Ok, so I took the headlight out today and inspected it through the back caps for possible hints of why the LED rings wouldn't work. A quick test with a probe revealed that the headlight plug does indeed supply the current to the parking lights so it must be the headlight assembly that has failed to work. Obviously, there's so much stuff inside them it is not possible to have a thorough inspection on the guts without taking the whole headlight apart. Which I believe is only possible by heating around the plexi glass and cutting the glue used to bond it all together. So of course I didn't do that.
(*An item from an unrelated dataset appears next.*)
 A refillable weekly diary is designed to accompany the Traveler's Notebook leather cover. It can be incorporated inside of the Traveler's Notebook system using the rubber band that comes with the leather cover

However, I was able to see a tiny white connector that sits on top of the bigger of the two LED rings (around 5-6 o'clock if you look from the back though one of the holes). The little connector had 5 smaller gauge wires coming out of it (all black). By visually tracing those black wires I was able to see that they turn into 5 heavier gauge wires, coloured black, blue, grey, red and brown. This also corresponded to the same colour coded wires that go into side indicator (a bunch of LED lights there too). So it appears that LED lights in those headlights all have the same 5 colours. Great.
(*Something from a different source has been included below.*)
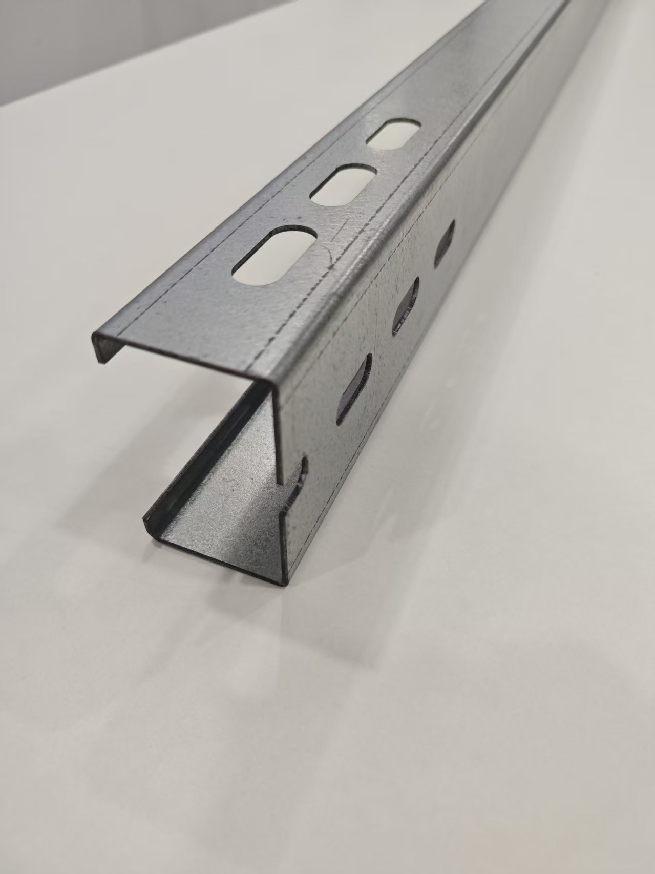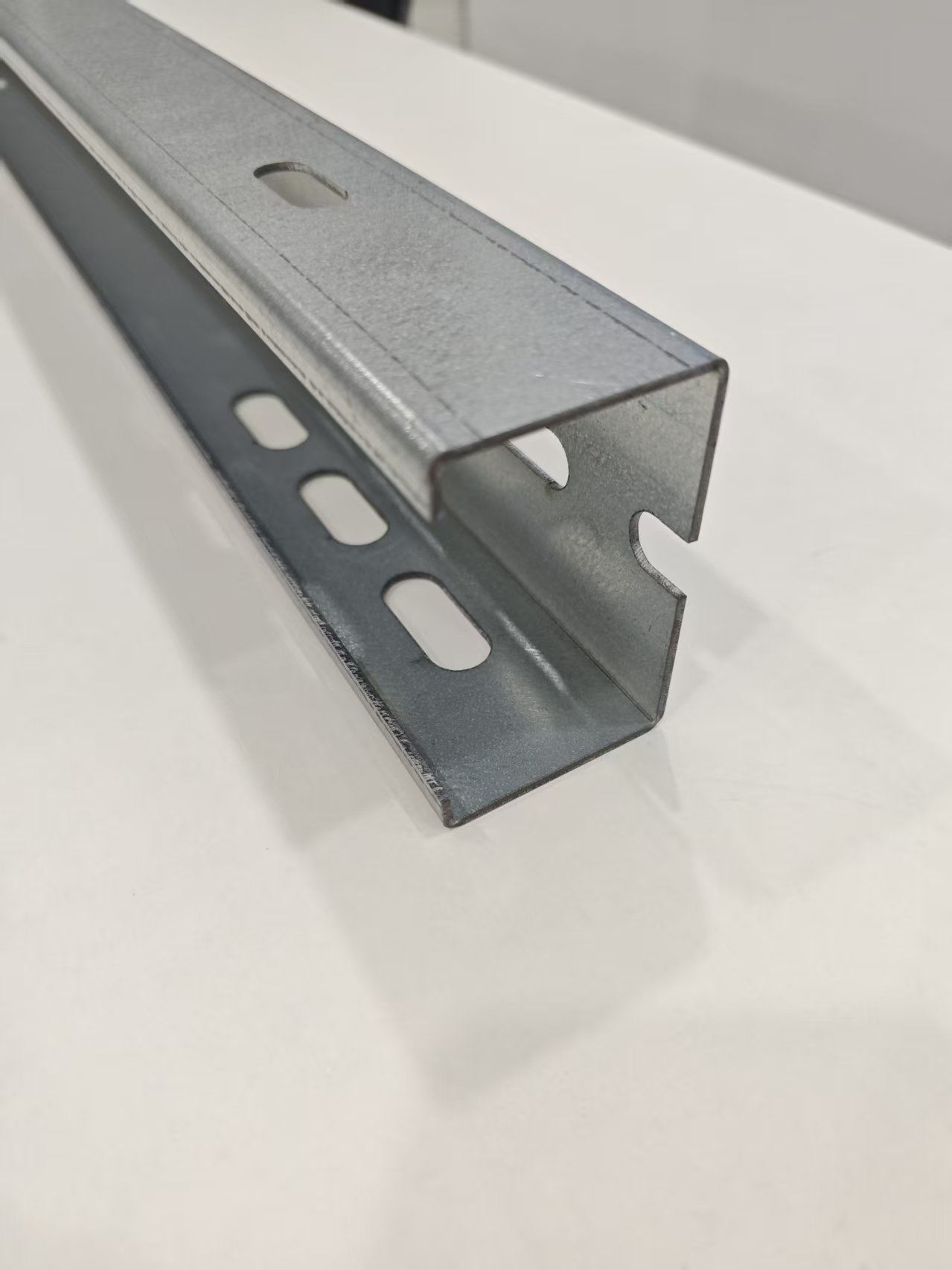รางเหล็กโซลาร์ชนิด C มีสามหน้าและหนึ่งช่องเปิด โดยมีขอบสองช่องที่ช่องเปิดซึ่งสามารถปรับแต่งความยาวได้ หน้าตรงข้ามช่องเปิดจะมีรูที่ปลายรางทั้งสองข้างทำให้สามารถเชื่อมต่อกับเสาได้หลากหลายรูปแบบ ใบหน้าที่เหมือนกันอีกสองหน้าทำหน้าที่เป็นด้านบนและด้านล่าง โดยมีรูปแบบรูที่ออกแบบมาเพื่อเชื่อมต่อกับเสา คาน หรืออุปกรณ์เสริมอื่นๆ โดยรวมแล้ว นี่ถือเป็นเส้นทางที่ใช้กันอย่างแพร่หลายที่สุดในระบบสนับสนุน

The wires (now all colour coded) go into a control module which sits at the back of the headlight (there's also a couple of similar ones on the bottoms but they do not control the halo lights). I swapped out the modules with the working headlight and voila, the halos all worked fine again. The p/n for the module is 1 307 329 241. Land Rover sells them at £300 something +VAT but there's a few on eBay ranging from £25 to £85 both new and pre-owned. I've ordered one that was taken off a new headlight so will hopefully get it tomorrow.
Think I was lucky with this one. Could have been the whole headlight but it's only an hour or so messing with taking the lights off and £50 for the replacement ballast.
Happy motoring and I hope this helps someone with the same problem.